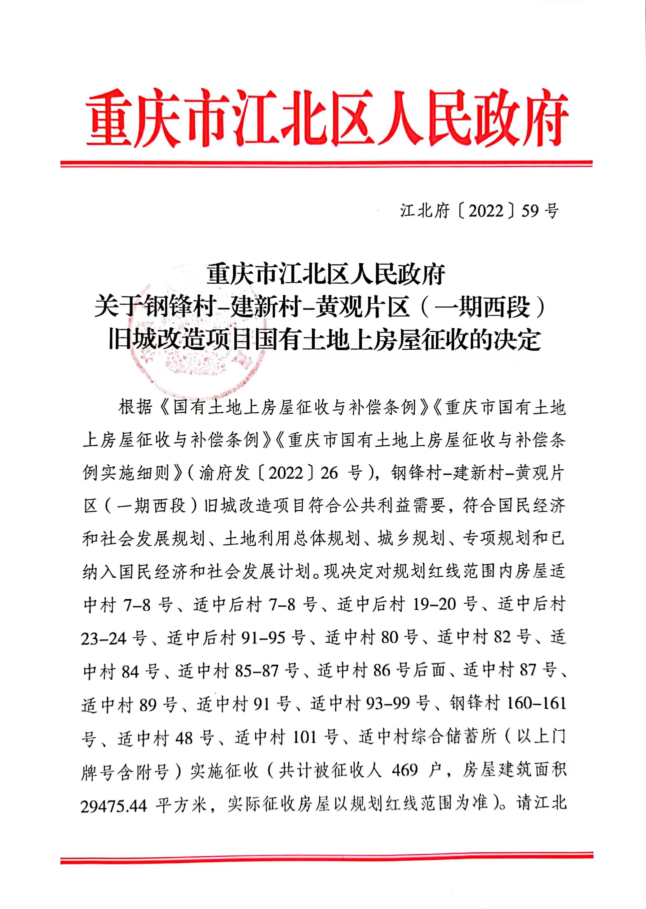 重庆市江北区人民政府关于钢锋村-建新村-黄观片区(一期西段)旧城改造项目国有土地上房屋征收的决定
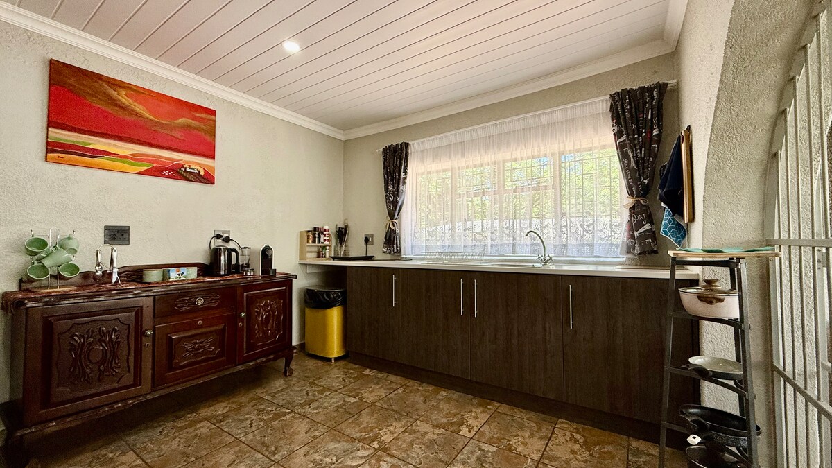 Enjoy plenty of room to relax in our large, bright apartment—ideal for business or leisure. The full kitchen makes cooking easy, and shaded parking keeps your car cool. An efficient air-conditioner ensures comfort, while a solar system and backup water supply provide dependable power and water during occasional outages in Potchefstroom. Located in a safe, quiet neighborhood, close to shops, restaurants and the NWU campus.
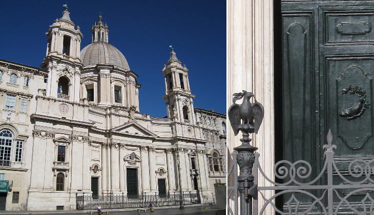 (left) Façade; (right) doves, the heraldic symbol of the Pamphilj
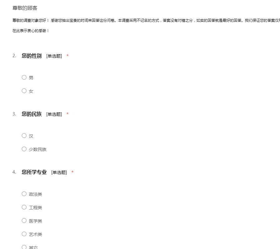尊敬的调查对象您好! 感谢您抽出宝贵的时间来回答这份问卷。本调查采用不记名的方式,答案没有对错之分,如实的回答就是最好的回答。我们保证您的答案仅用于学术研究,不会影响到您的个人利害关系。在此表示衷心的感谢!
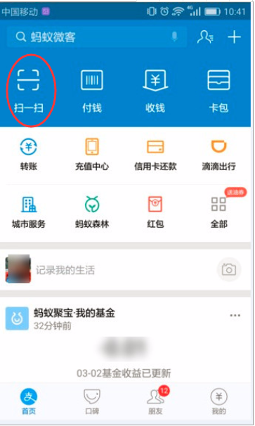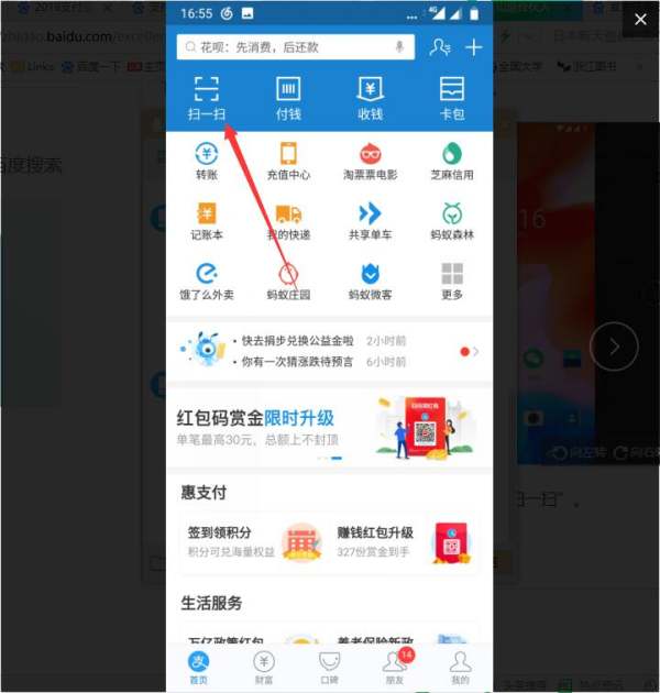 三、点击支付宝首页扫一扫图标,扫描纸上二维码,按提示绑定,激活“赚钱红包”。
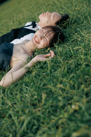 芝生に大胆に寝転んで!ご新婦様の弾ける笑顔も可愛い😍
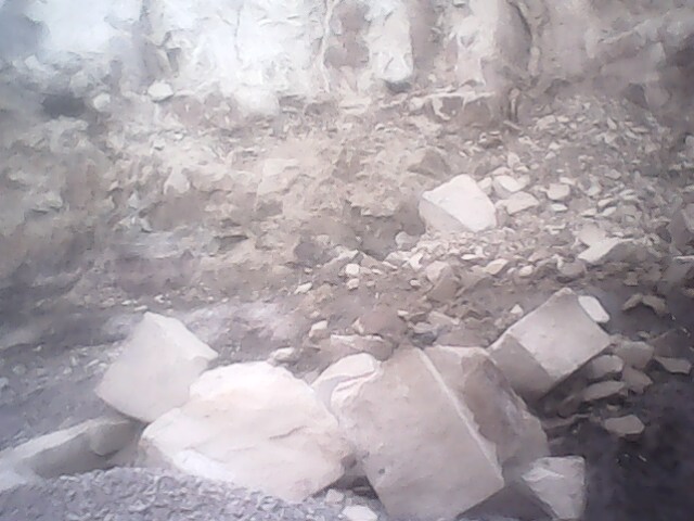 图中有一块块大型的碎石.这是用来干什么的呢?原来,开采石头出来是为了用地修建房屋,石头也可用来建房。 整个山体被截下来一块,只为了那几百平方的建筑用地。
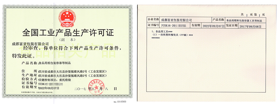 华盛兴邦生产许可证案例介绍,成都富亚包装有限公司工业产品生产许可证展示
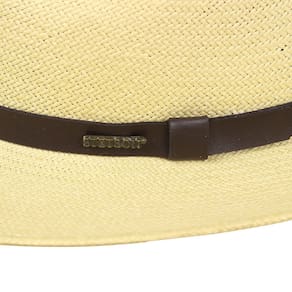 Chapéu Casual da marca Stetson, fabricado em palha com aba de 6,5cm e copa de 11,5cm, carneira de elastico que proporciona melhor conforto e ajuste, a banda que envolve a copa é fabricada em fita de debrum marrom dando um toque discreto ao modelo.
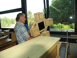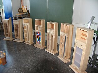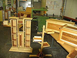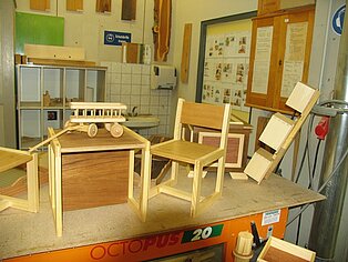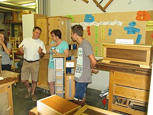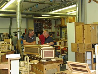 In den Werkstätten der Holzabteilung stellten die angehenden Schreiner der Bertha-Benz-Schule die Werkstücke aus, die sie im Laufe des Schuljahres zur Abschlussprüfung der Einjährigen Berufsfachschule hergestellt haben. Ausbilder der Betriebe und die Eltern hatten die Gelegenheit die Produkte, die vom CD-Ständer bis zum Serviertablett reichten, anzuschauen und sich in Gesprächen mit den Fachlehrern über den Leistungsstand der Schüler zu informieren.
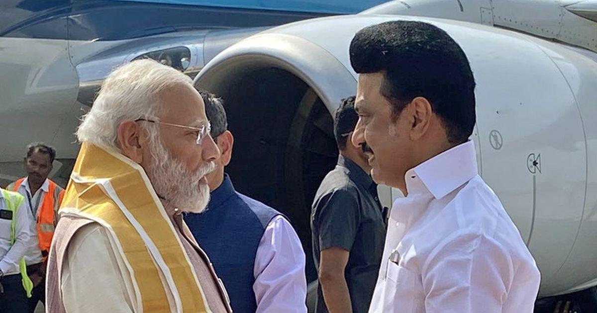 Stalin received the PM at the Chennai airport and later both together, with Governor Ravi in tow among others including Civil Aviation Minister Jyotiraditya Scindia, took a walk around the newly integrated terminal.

***

→ **Task objective**
Copy exactly the lines of the listing above between the one holding "芝生に大胆に寝転んで!ご新婦様の弾ける笑顔も可愛い😍" and the one holding "In den Werkstätten", inclusive; omit all pictures.

→ **Task response**
 芝生に大胆に寝転んで!ご新婦様の弾ける笑顔も可愛い😍
 图中有一块块大型的碎石.这是用来干什么的呢?原来,开采石头出来是为了用地修建房屋,石头也可用来建房。 整个山体被截下来一块,只为了那几百平方的建筑用地。
 华盛兴邦生产许可证案例介绍,成都富亚包装有限公司工业产品生产许可证展示
 Chapéu Casual da marca Stetson, fabricado em palha com aba de 6,5cm e copa de 11,5cm, carneira de elastico que proporciona melhor conforto e ajuste, a banda que envolve a copa é fabricada em fita de debrum marrom dando um toque discreto ao modelo.
 In den Werkstätten der Holzabteilung stellten die angehenden Schreiner der Bertha-Benz-Schule die Werkstücke aus, die sie im Laufe des Schuljahres zur Abschlussprüfung der Einjährigen Berufsfachschule hergestellt haben. Ausbilder der Betriebe und die Eltern hatten die Gelegenheit die Produkte, die vom CD-Ständer bis zum Serviertablett reichten, anzuschauen und sich in Gesprächen mit den Fachlehrern über den Leistungsstand der Schüler zu informieren.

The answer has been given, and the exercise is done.